I find it constantly amusing to hear people talk about the rule of law in reference to the most historically corrupt state in our nation as if law actually meant something to those bozos.
When I visit the aquarium, the same thought keeps running through my mind;
Leemmmooonnn, Buuttteerrr, MMMmmmmmm good!
New Can I get an Amen on that one!!
You were born...and so you're free...so Happy Birthday! Laurie Anderson

[link|mailto:bepatient@aol.com|BePatient]
New excuse me??

I find it constantly amusing to hear people talk about the rule of law in reference to the most historically corrupt state in our nation as if law actually meant something to those bozos.


Are we talking about Florida? As historically the most corrupt state in our nation?

<shaking head> okayyyyyyy.
New You're excused
I thought the sentance understandable. What part don't you get?
When I visit the aquarium, the same thought keeps running through my mind;
Leemmmooonnn, Buuttteerrr, MMMmmmmmm good!
New Thought I understood it...
just find it hard to believe. Sure the Miami area was known for corruption a few years ago...but as a state, the most corrupt in the country? Well, I suppose opinions will differ - both in what constitutes corruption and in which is worse.

I guess I just find it hard to believe that Florida is worse in the country. Usually I associate corruption with inefficiency (which for Government == higher taxes). Florida has no state income tax and a sales tax of 6% (iirc).

I suppose Florida could be considered worse than Chicago, New York, and Mass.
New No backup
At least nothing tangible. I remembered reading a few articles during the recount fiasco that referred to FL as the most historically corrupt state.
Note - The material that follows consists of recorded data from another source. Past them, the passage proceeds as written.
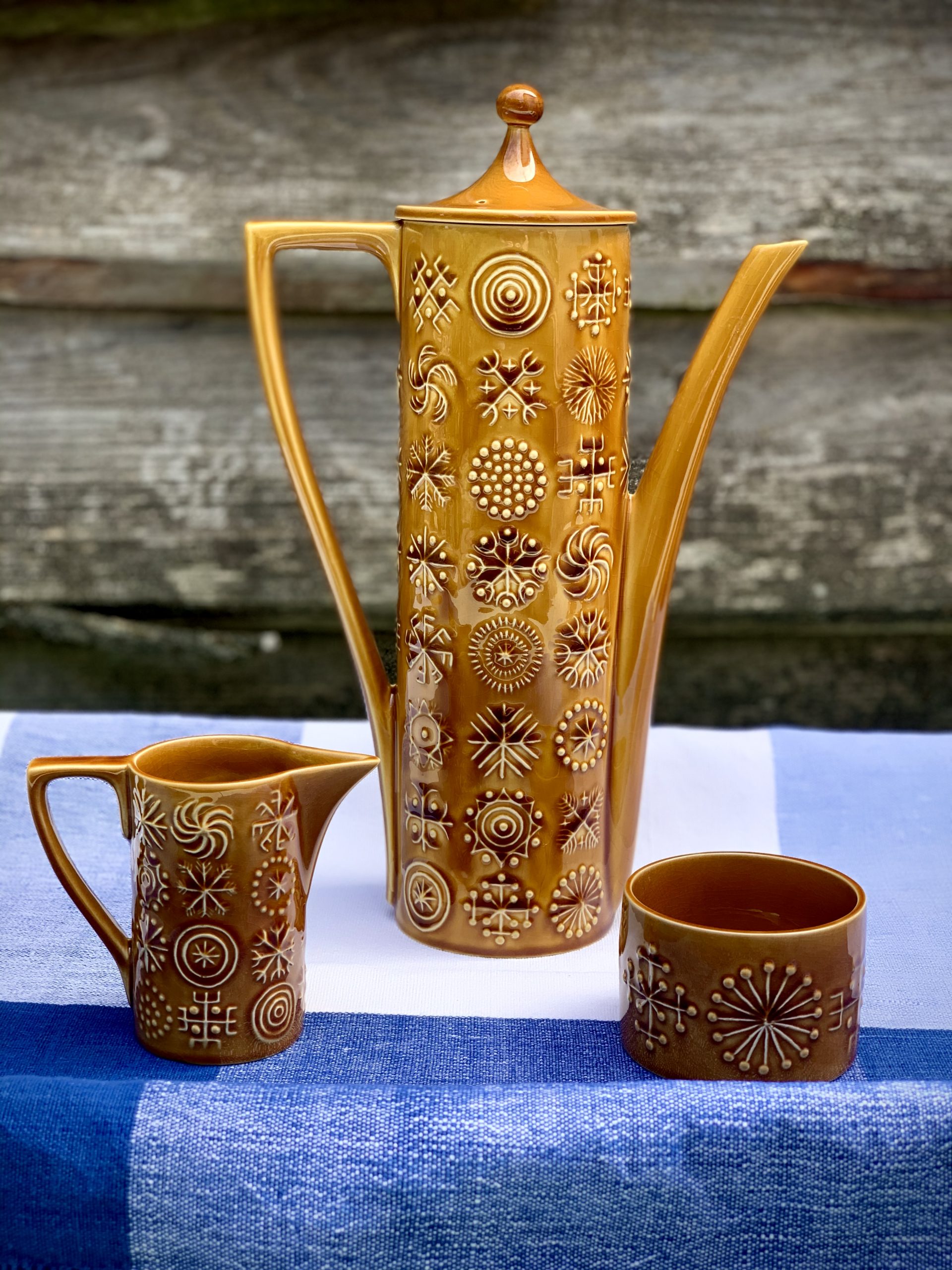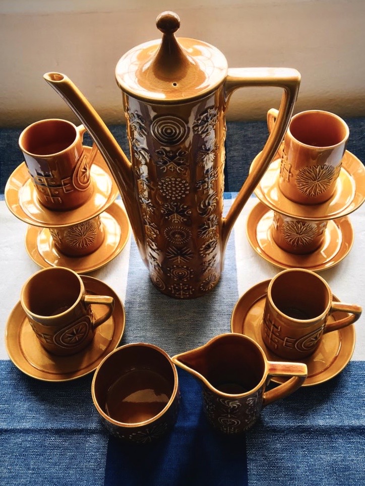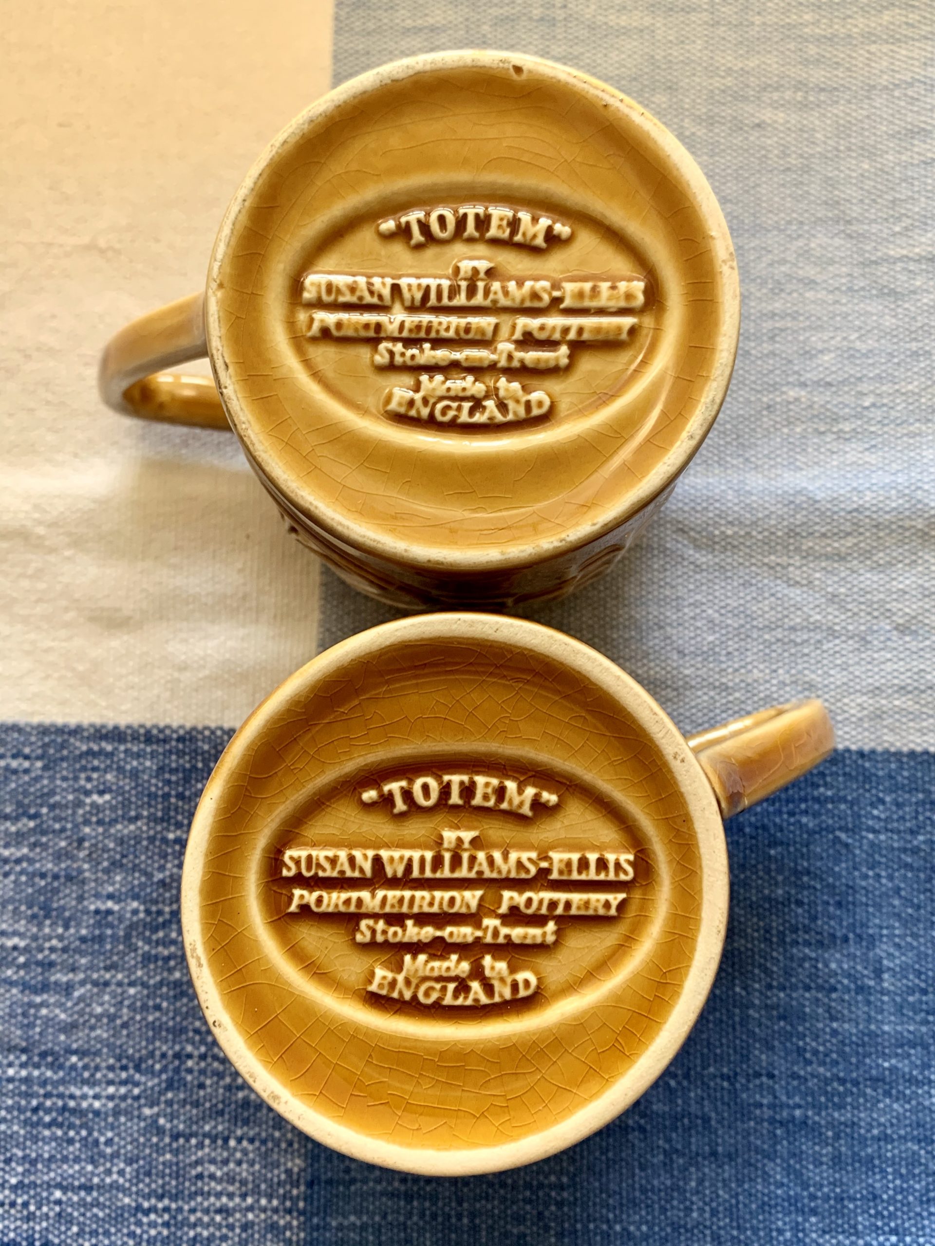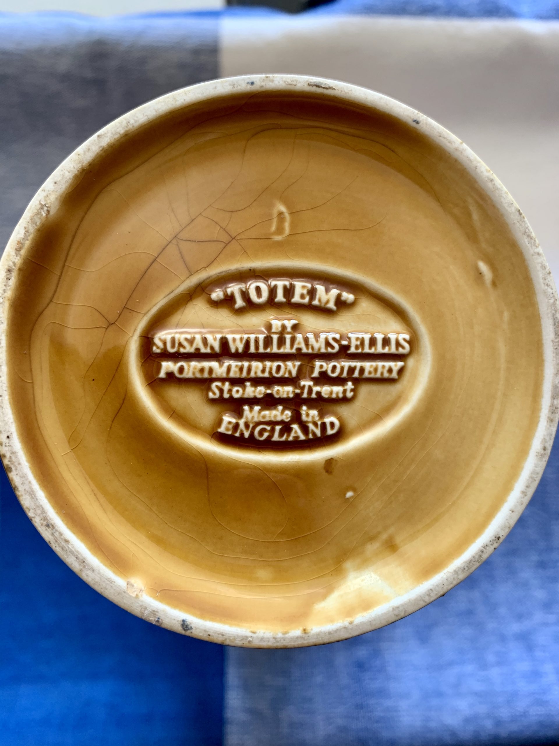 This is an Amber Totem coffee service by Susan William-Ellis for Port Meirion Pottery.  This is possibly one of the most iconic designs by Susan Williams-Ellis and was launched in 1963.  This design (Totem) is on display in museums both in the UK and Internationally and was produced in a number of colours including Amber, Olive Green, Sage Green and Blue amongst others.
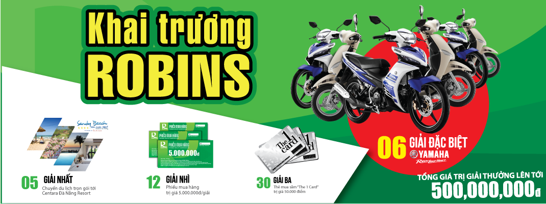 Với mỗi 200.000 đồng mua sắm tại Robins, bạn sẽ nhận được một phiếu thăm may mắn để tham gia chương trình rút thăm trúng thưởng cùng Robins với tổng giá trị lên đến 500 triệu đồng gồm có: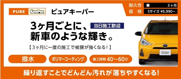 W ダイヤモンドキーパーは、メンテナンスをせず、洗車だけで3 年間持続目安のプランと1年に1 回のメンテナンスを行って5 年間持続目安のプランのどちらでもお選びいただけます。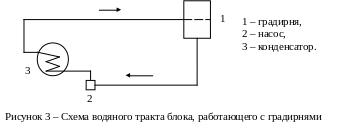 При работе с градирнями тёплая вода поступает в них, где в результате частичного испарения и контакта с восходящим потоком воздуха охлаждается. Затем вода собирается в ёмкости, находящиеся под градирней, и насосом вновь подаётся на охлаждение конденсаторов турбин и д.р. аппаратов (рис.3).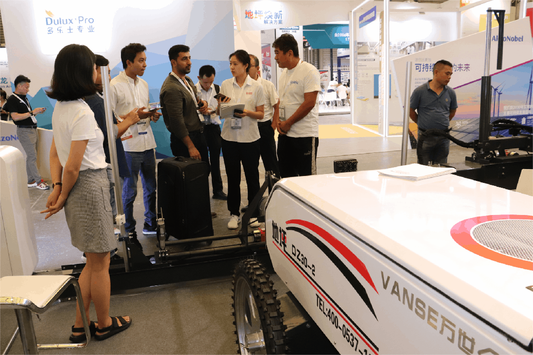 展会上通过大屏幕视频演示、操作体验、技术工程师机器实操、专业技术人员讲解等多样形式展示方式,解答客户关心的机器施工方式、效果等问 题,客户朋友们纷纷给予了正面回应,对万世的地坪系列设备赞不绝口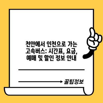 고속버스를 통해 빠르고 편리하게 천안과 인천 사이를 이동할 수 있는 방법이 있습니다. 고속버스를 이용하면 혼잡한 도로를 피해 시간에 맞춰 편안하게 이동할 수 있으니 많은 이용자들이 선호하게 되었답니다. 이번 글에서는 천안에서 인천으로 가는 고속버스 시간표, 요금, 예매 방법, 할인 정보 등을 자세히 안내해 드리겠습니다.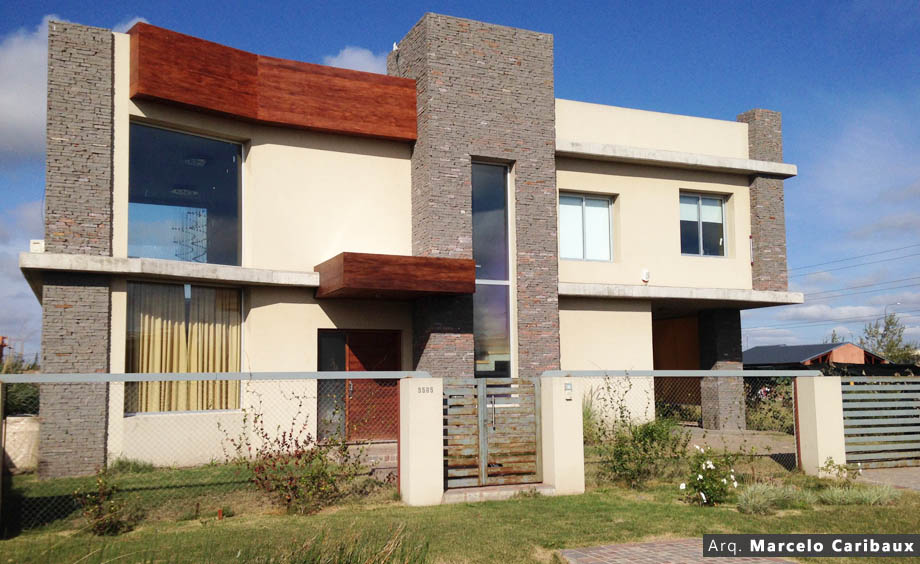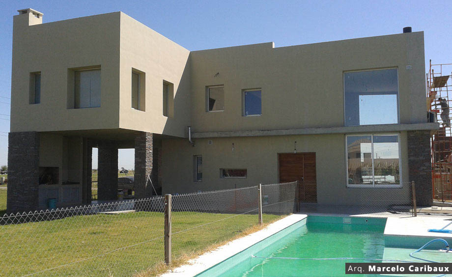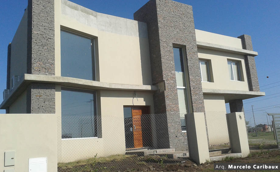 Vivienda familiar, proyectada en un terreno de 20x50 (1000m2) y tiene una superficie cubierta de 230m2 de vivienda entre las dos plantas y 50m2 de quincho y cochera. Consta de 2 plantas, en la cual en la planta baja se ubica la parte social, cocina/comedor y estar/comedor, y en la planta alta se encuentran 3 habitaciones de las cuales una es en suite con vestidor, como característica, el hall de la planta alta balconea sobre el estar/comedor y el hogar a leña ubicado en la planta inferior.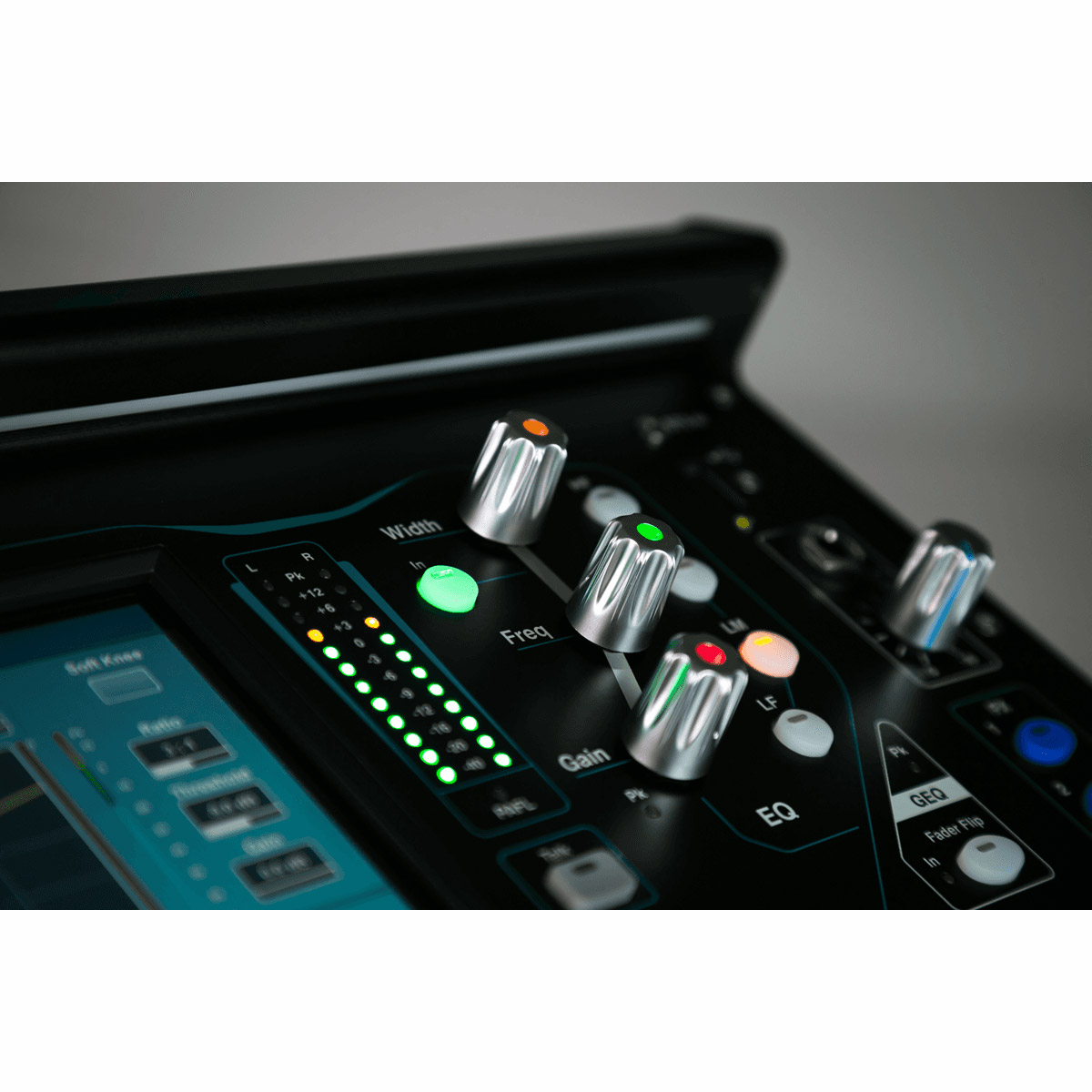 - Contrôles physiques dédiés pour chaque canal d'entrée : Gain, fréquence HPF, Seuil Gate, Seuil Compresseur, Panoramique, Gain/Fréquence/Largeur égalisation.

I think part of it had something to do with all the "land" sold to speculators that turned out to be swamp.
When I visit the aquarium, the same thought keeps running through my mind;
Leemmmooonnn, Buuttteerrr, MMMmmmmmm good!
New the historically corrupt phrase
came from the sellout of the electoral college for an end to reconstruction.
thanx,
bill
My Dreams aren't as empty as my conscience seems to be
New A coupla other data points:
Well, there's Illinois; just sit back and watch a state piss away a relatively high income to kickbacks, cronyism, patronage, no-bid contracts, etc. etc. etc. etc.... Remember, this IS the state of both Richard Daleys!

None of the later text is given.